It is around 6 a.m. and I hear the sea gulls and crows and the light hum of traffic going by on Mt. Desert Street.  It seems a rather odd name for a street that is just a few hundred yards or so from the ocean’s shore.  I’ve been awake for a while quietly meditating, thinking about today and what to do.  No solutions, other than to say that like the rest of this “road trip” I shall simply do whatever the moment impresses upon me.

I am in Bar Harbor, Maine.  I arrived yesterday late afternoon and was fortunate to find, at least, a motel room which serves me well.  I’ve never been one to care much about the “room I intended to sleep in”; my eyes are closed when I sleep, so who cares.  And, I certainly never intend to spend any time, other than for sleeping (and, okay blogging…but hey it’s early and nothing is open) in whatever accommodations I find on a holiday.

Yesterday when I left Boston I chose to take the rinky dink roadway, to stay off the interstate highways.  So, I lolly gaggingly (no such word, but I like it) started driving north on 1A along the coast line.  Mother nature more than cooperated and in fact out did herself; it was a glorious day and because I am such an early bird, it was cool when I made my first stop – by my mentor, the sea – to do some photography.  Sadly, I cannot show you any of the photos as this time because this computer doesn’t support the memory card of my camera (boohoo); so I’ll have to try and paint a picture with words.
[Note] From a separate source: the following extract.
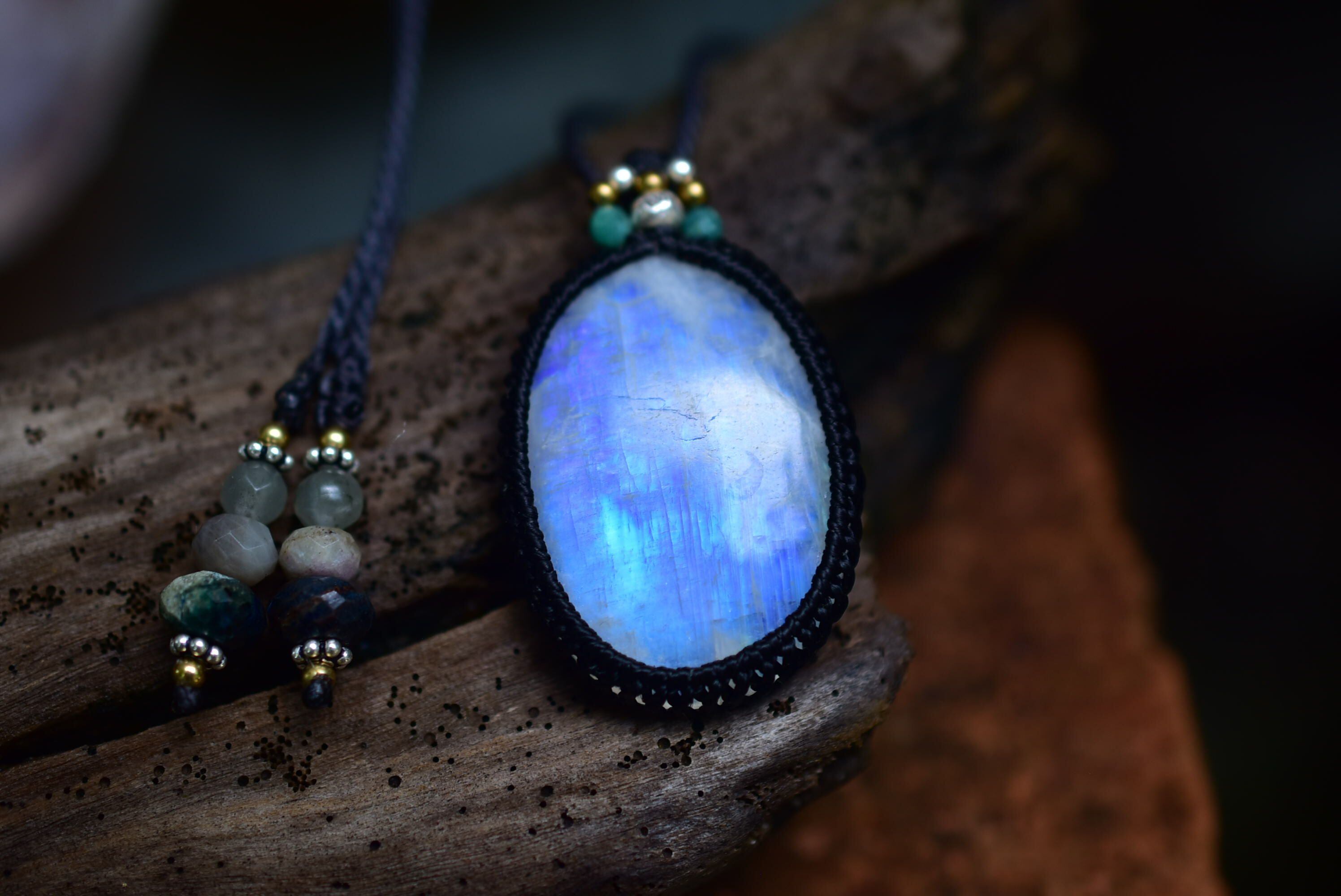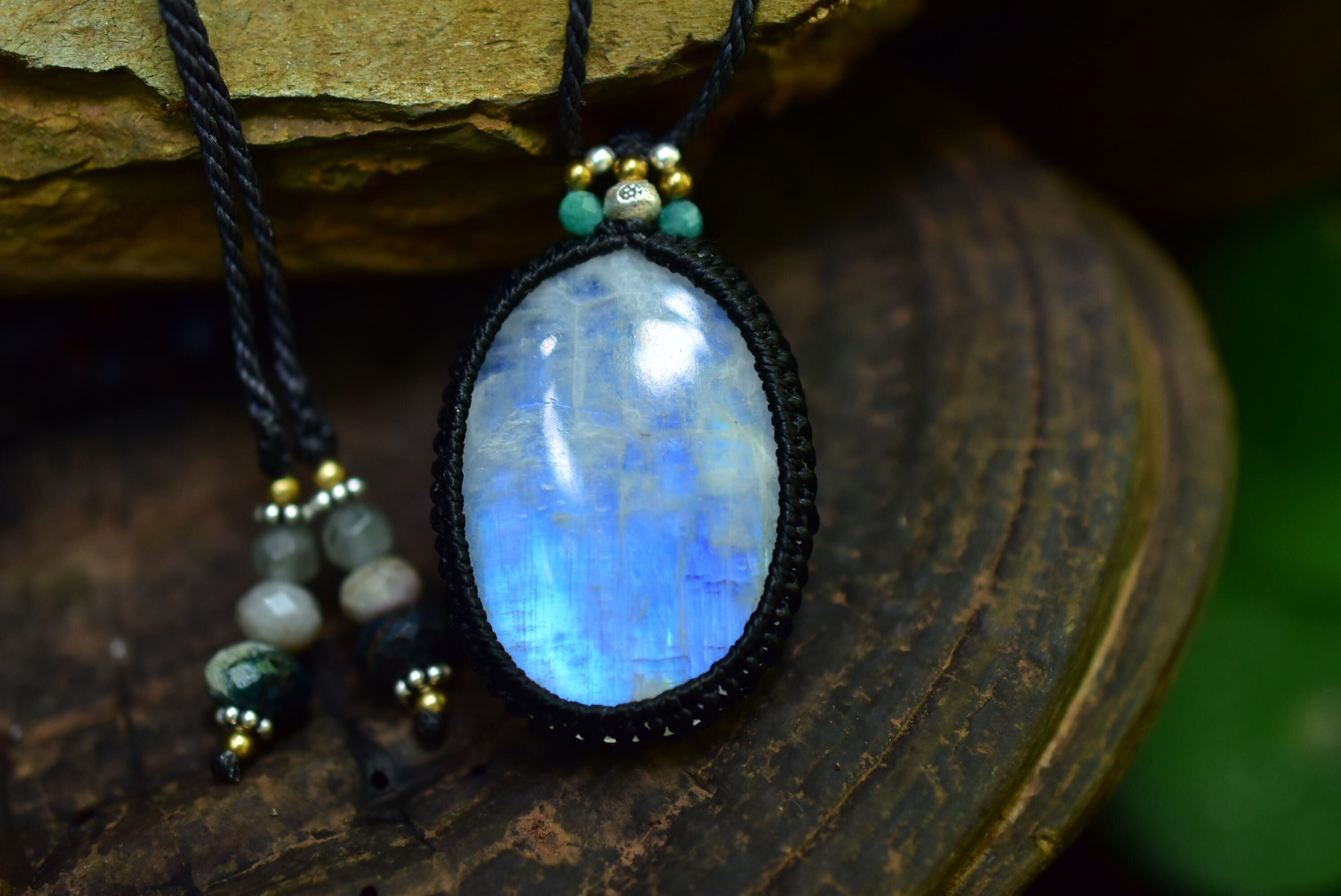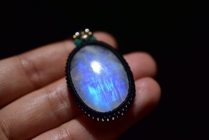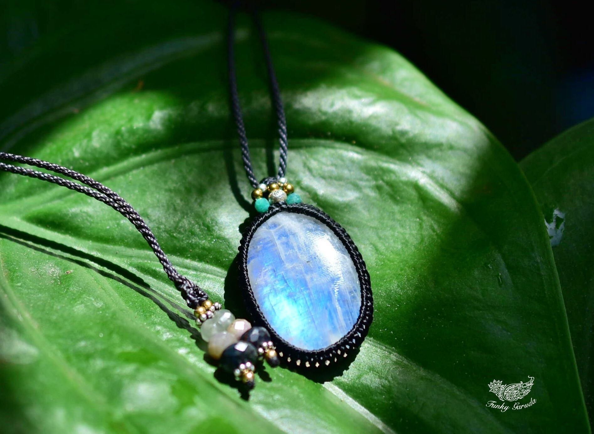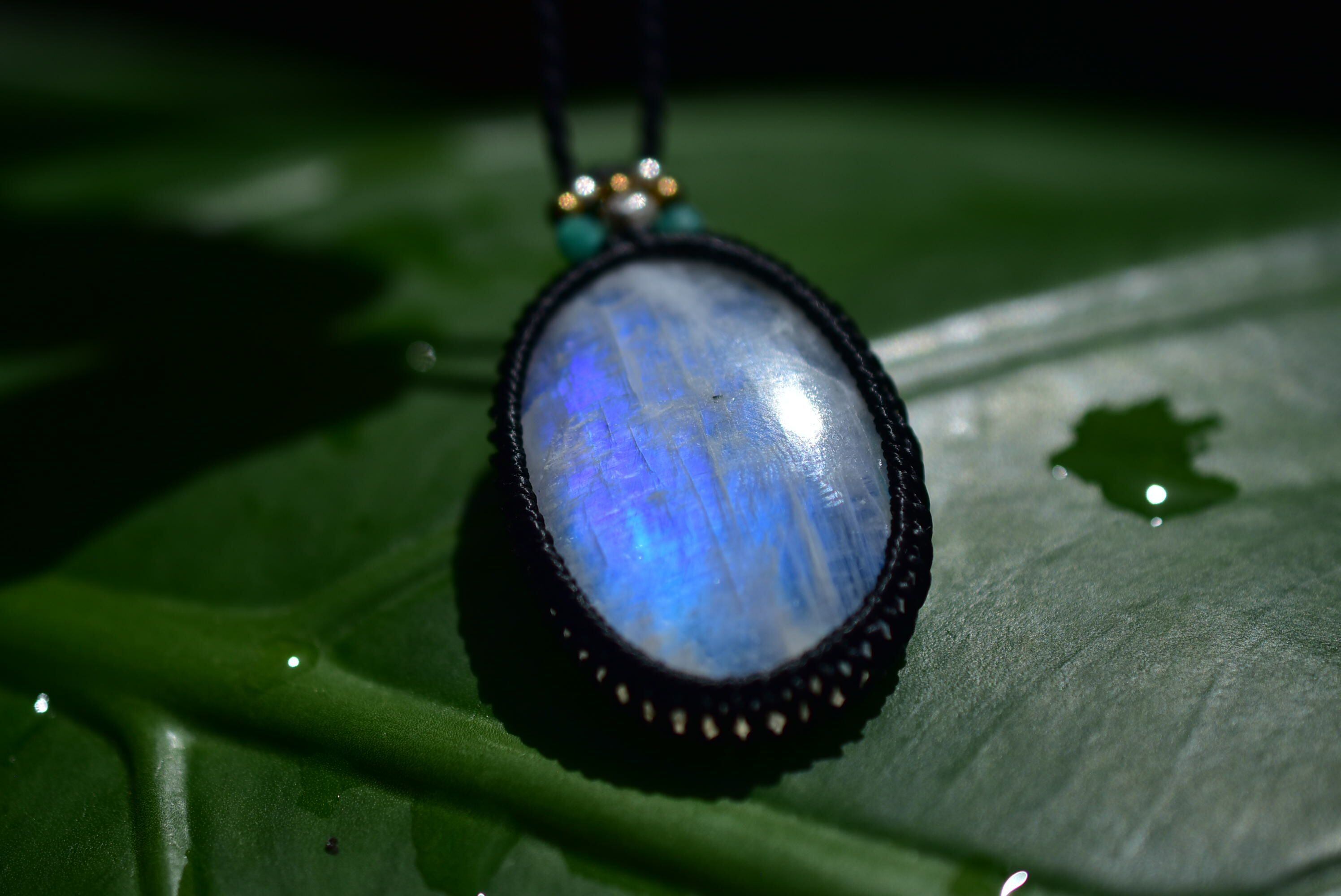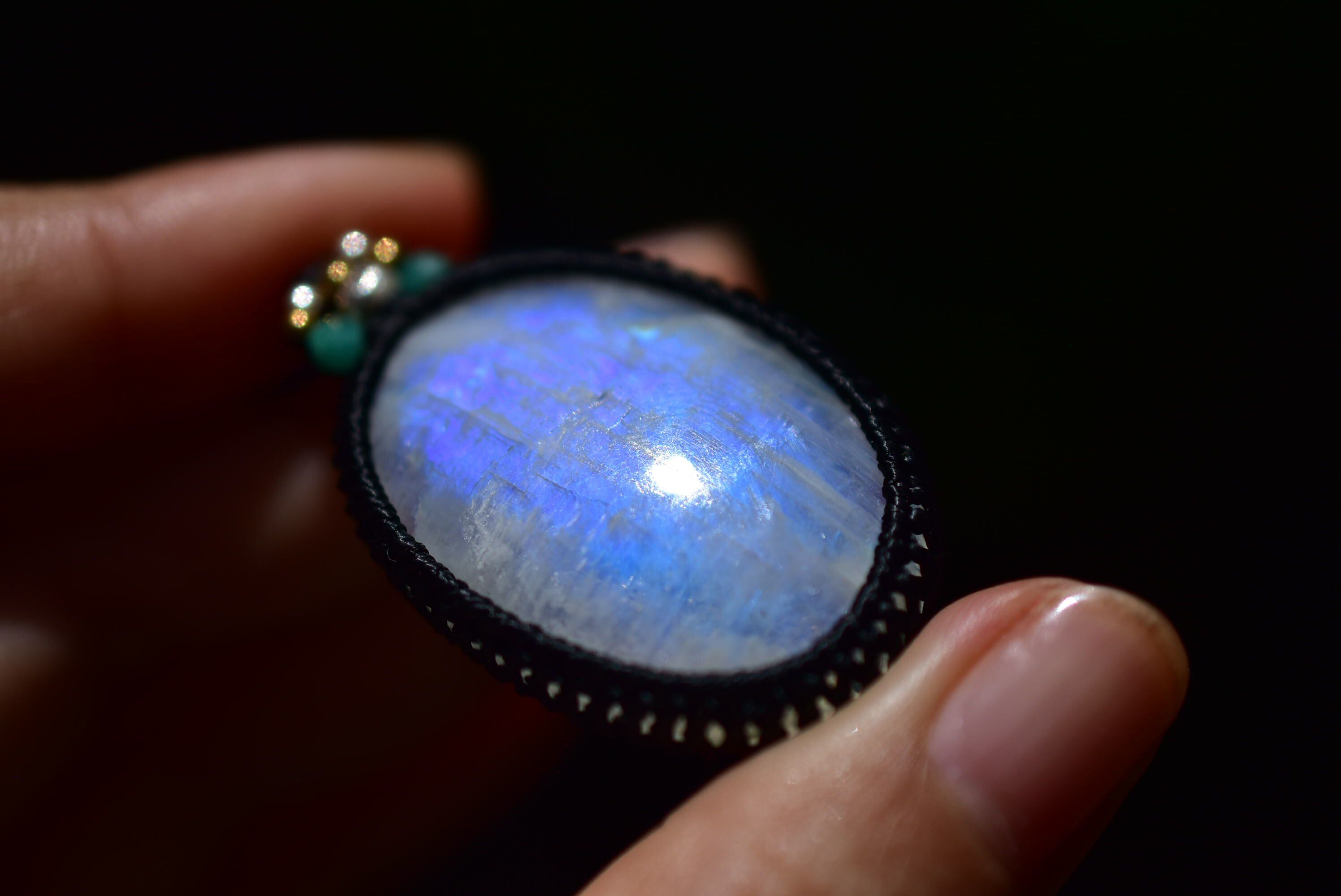 ブルーの月光★ムーンストーン シンプルマクラメペンダント moony010

First, no problem with places to park in the tiny village by the sea.  So, parked, I got out and started to walk.  The tide was rolling its way out and the ocean floor was exposed and families of ducks and sea gulls strolled the beach together.  “Hmm,” were my thoughts.  It’s like they aren’t even thinking things like they don’t belong together, or “hey you, this is my turf, get lost.”  They just strutted about and every now and then one of them would pierce the muddy waters, fishing with his beak.  They were just out for an early morning stroll.  Other members of their respective family weren’t quite so energetic; just at the water’s edge they floated and bobbed as the tide washed in and out.  In the far distance was a huge ship.  I couldn’t tell if a passenger ship or trolley or whatever.  It just was there where sea met sky.  The mist had already lifted for the day and to the left (so it must have been east) the sun was burning away the remnants of the night and dispelling the clouds.  I managed to catch a few of the diamond sparkles it left dancing on the waters; it was like they were laughing and playing.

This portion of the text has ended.